Bringing the Hospital’s YouTube Channel into the Patient Room

During a recent “Health Care Social Media” TweetChat a thoughtful participant asked me about how this YouTube idea could be utilized by an 85 year old Patient?  I thought: “good question with an easy answer.”  After all, hospitals need to update those looped 1950s-styled videos presently on the televisions in patient rooms.  Let’s face it, we no longer need to see how Mr.
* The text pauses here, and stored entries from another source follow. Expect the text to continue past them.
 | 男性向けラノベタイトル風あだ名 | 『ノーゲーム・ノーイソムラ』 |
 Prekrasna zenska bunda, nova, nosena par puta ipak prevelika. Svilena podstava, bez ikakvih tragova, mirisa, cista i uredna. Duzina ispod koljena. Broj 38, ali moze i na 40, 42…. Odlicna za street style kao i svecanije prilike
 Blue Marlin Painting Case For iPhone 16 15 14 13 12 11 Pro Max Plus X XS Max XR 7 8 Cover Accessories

Main Street Doctor performs a colonoscopy or what open heart surgery looks like – especially when the videos look like they came directly out of the TV Show “Mash” as if they were filmed sometime around the Korean War!  Accordingly, Hospital YouTube Channels should be piped into EVERY patient room and even looped on a channel just like the aforementioned brutally boring shows so that 85 year-old patients will be entertained, engaged and informed.

Conclusion

The power of Video and modern technology is at a stage where it can make a meaningful difference in the “Hospital Patient Experience” and for the most part, it is FREE.  “ROI” analysis needs to be replaced, at least at this infancy stage of Social Media, with applications of Logic and Humanity.  Finally, hospitals who don’t take advantage of this relatively easy opportunity to balance the quality of the “Hospital Patient Experience” with the expensive research and technology-driven increased quality of Patient Care have no business calling themselves “Patient-Centric” when the term “Prison” is more apropos.
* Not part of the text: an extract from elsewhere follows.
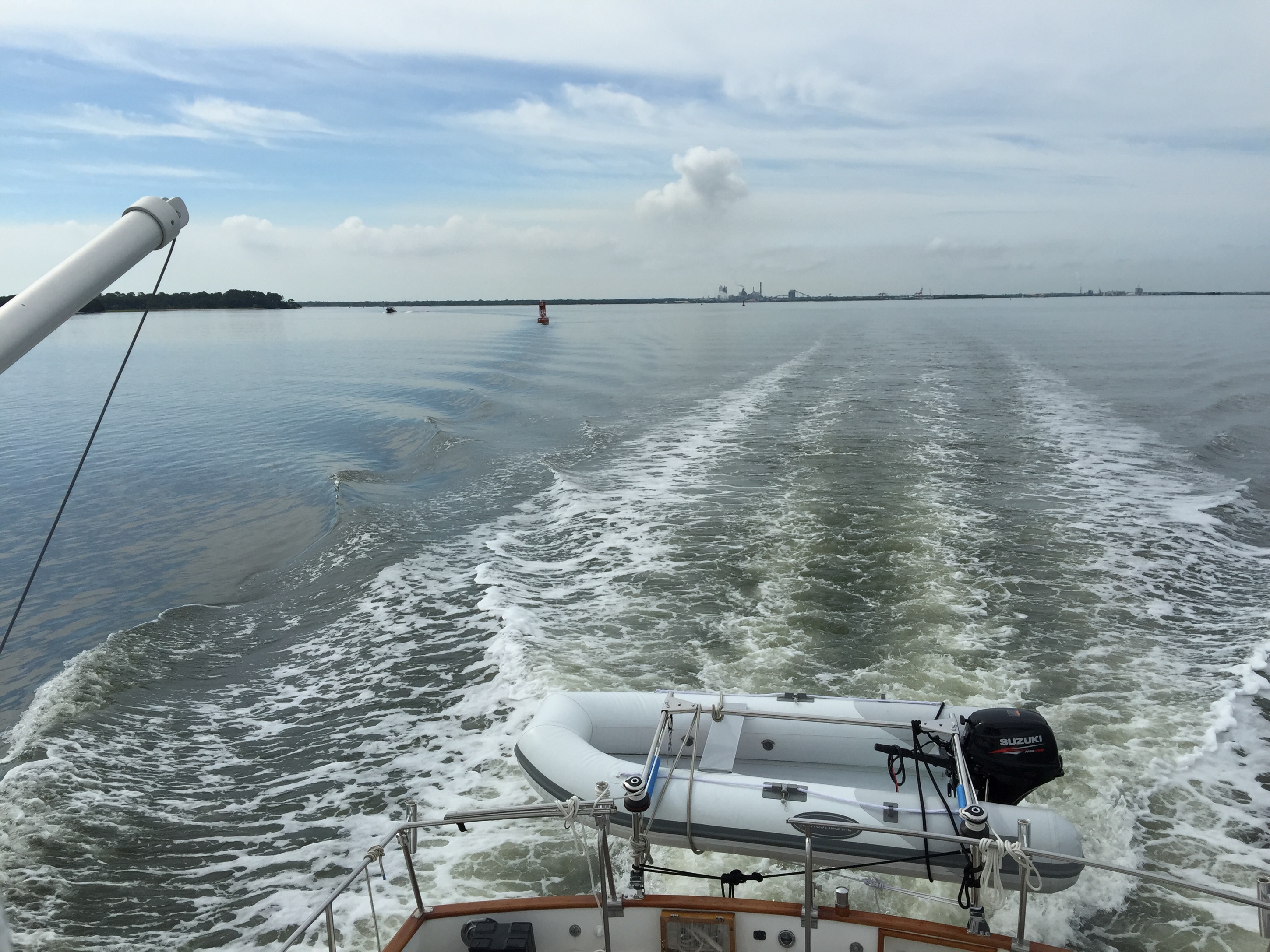 After a fight with the tide to leave Georgetown, we won! And wonderful dock mate from Holland came to help us. He had just sailed the Atlantic by sailboat with his wife and is headed to Boston. Very impressive!  We left Georgetown after being on the boat all day yesterday because of rain, lightning and thunder. There’s always a lot to do anyway on the boat!  I must admit I was disappointed because friends kept writing me about shops that were so cool there. Duncan was thrilled that I was on the boat helping him!

3 responses to “Hospitals, Patients, Social Media & Prison

  1. Not sure if anyone’s replied to your excellent post but your dream come true that hospitals would have PEMs is an emerging field and ghe present in a growing number of hospitals, including NYC Langone, Cleveland Clinic, and others.

  2. Michael A. Weiss

    Doug:

    Thanks for the information. Coincidentally, yesterday I took part in a Virtual Patient Panel put on by a company which has PEMs in 15 Hospitals and they appear to be one of the leading companies in that emerging field. So, between your comment and my experience yesterday, it is good to know that I am headed in the right direction!

  3. That was a very good post, Michael!
    I’ve also called myself a Professional Patient or an Alumnus of Hospital U. All your points and ideas are great, although I think hospitals should bring in “humanity”, as you say, I’m old-fashioned too, and I want my doctors and nurses to always have the time to do their jobs. They have enough to do already. If other specialists like life coaches, disruptive innovators (someone in #hcsm mentioned Patch Adams) could be brought in to help bring “life” (art, music, etc) to break up the doldrums of “prison”, it would help, because none of us need to stop “living” while we’re getting well.
    I also loved your comment about “patient-centric” same as Dunkin Donuts being “donut-centric”… Priceless! I agree with you on that 100%.
    And I sure hope you don’t have to go back in, but just in case, I hope they have more for you to occupy that keen mind of yours, so that you won’t be tempted to bend your forks into “shivs”!